■ **Instructions to follow**:
Please, without any pictures, transcribe the lines from the one holding "Plus communément appeler" to the end of the listing, both ends included.

■ **Data segment**:
§ §

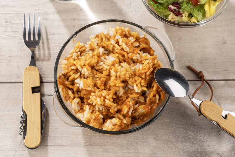 Dzięki dołączonemu rzemykowi sztućce można wygodnie przypiąć do plecaka lub paska.
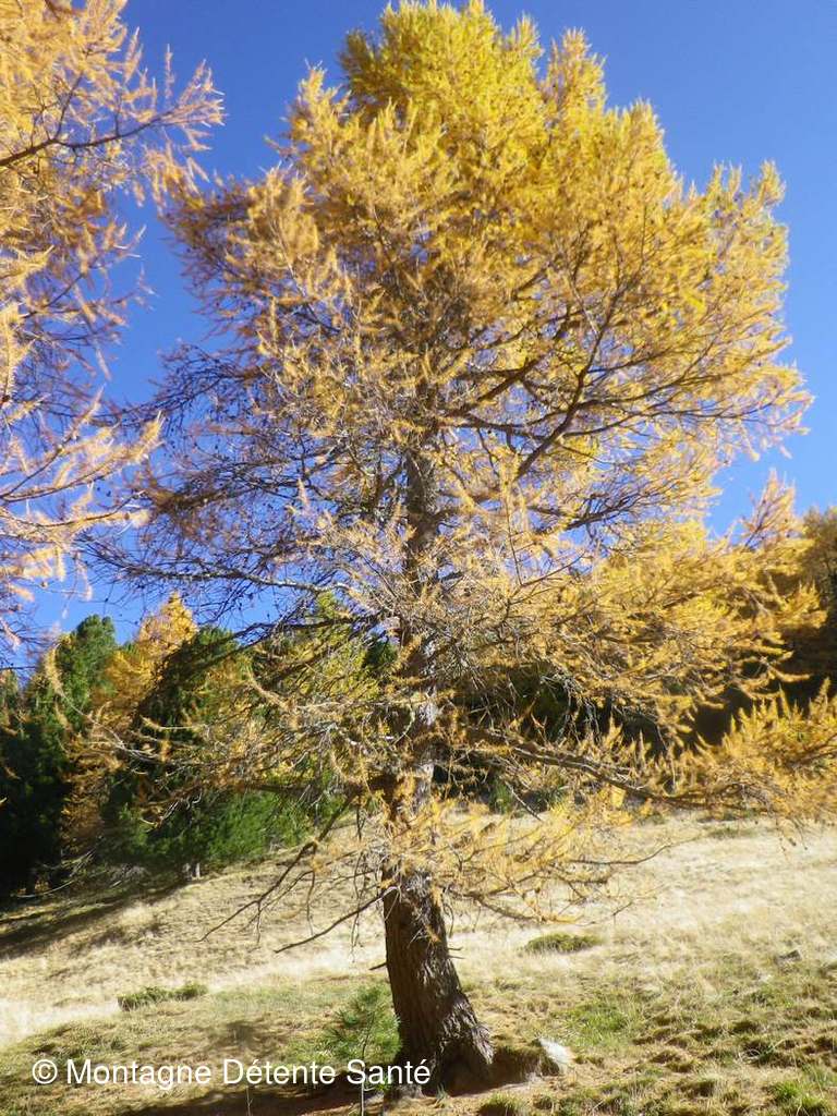 Plus communément appeler « Mélèze d’Europe » , de la famille des Pinacées, il a la particularité de perdre ses aiguilles à l’automne dans une symphonie de couleurs allant du jaune au brun.
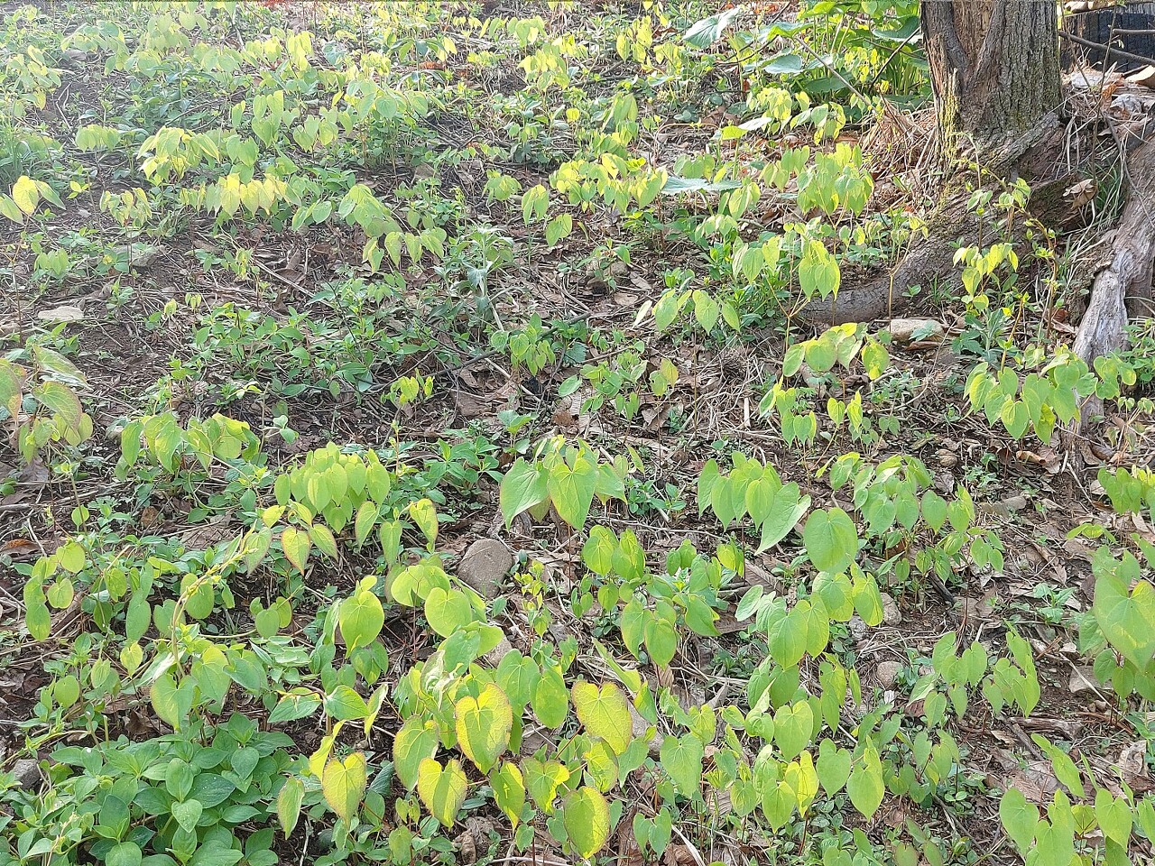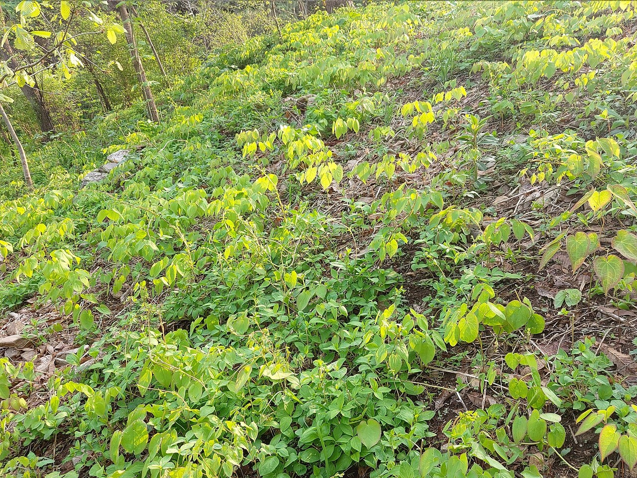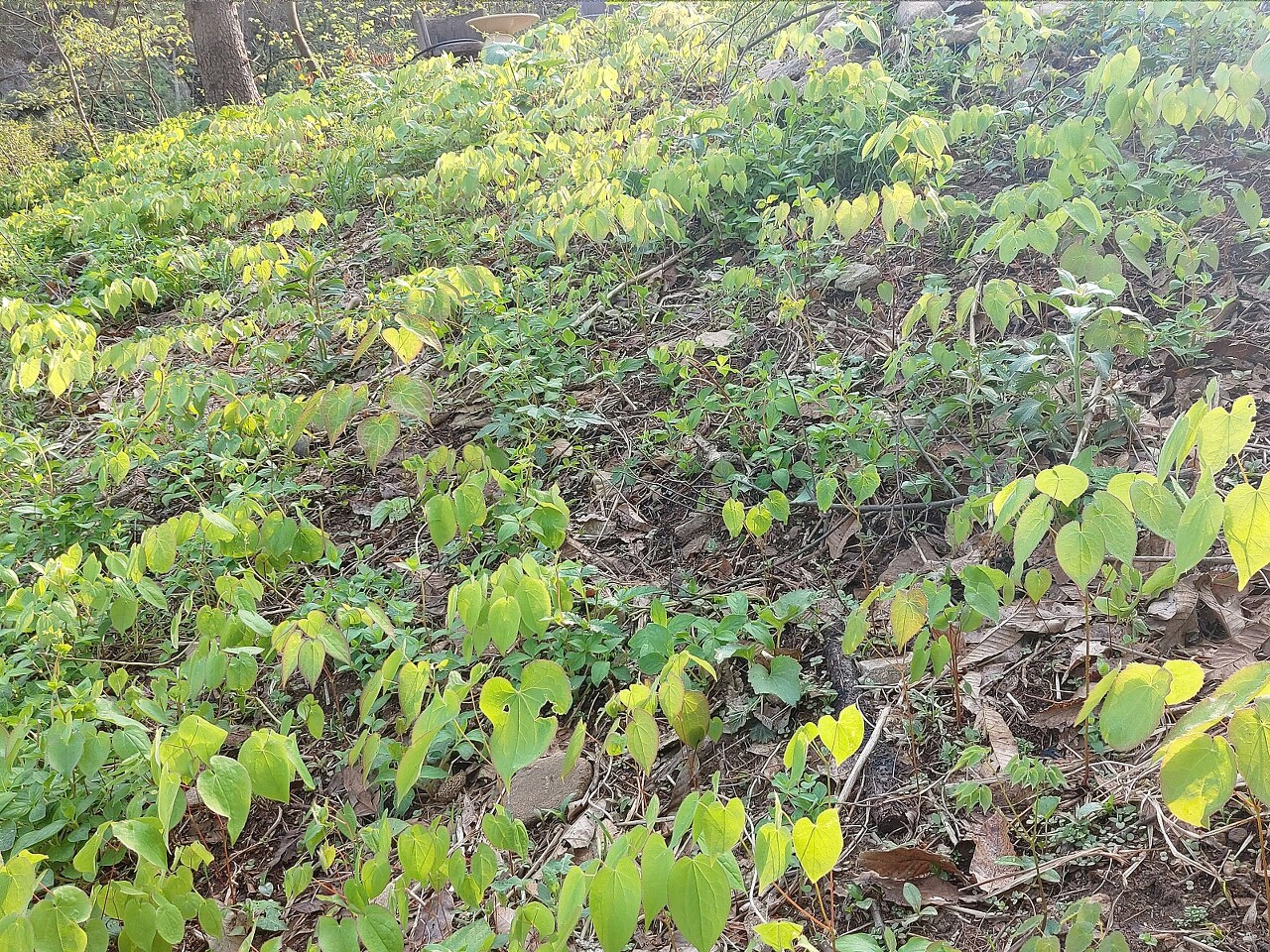 밀식하여 자연림 숲 에 삼지구엽초 뿌리 이식 후

§ §

■ **Solution to this task**:
 Plus communément appeler « Mélèze d’Europe » , de la famille des Pinacées, il a la particularité de perdre ses aiguilles à l’automne dans une symphonie de couleurs allant du jaune au brun.
 밀식하여 자연림 숲 에 삼지구엽초 뿌리 이식 후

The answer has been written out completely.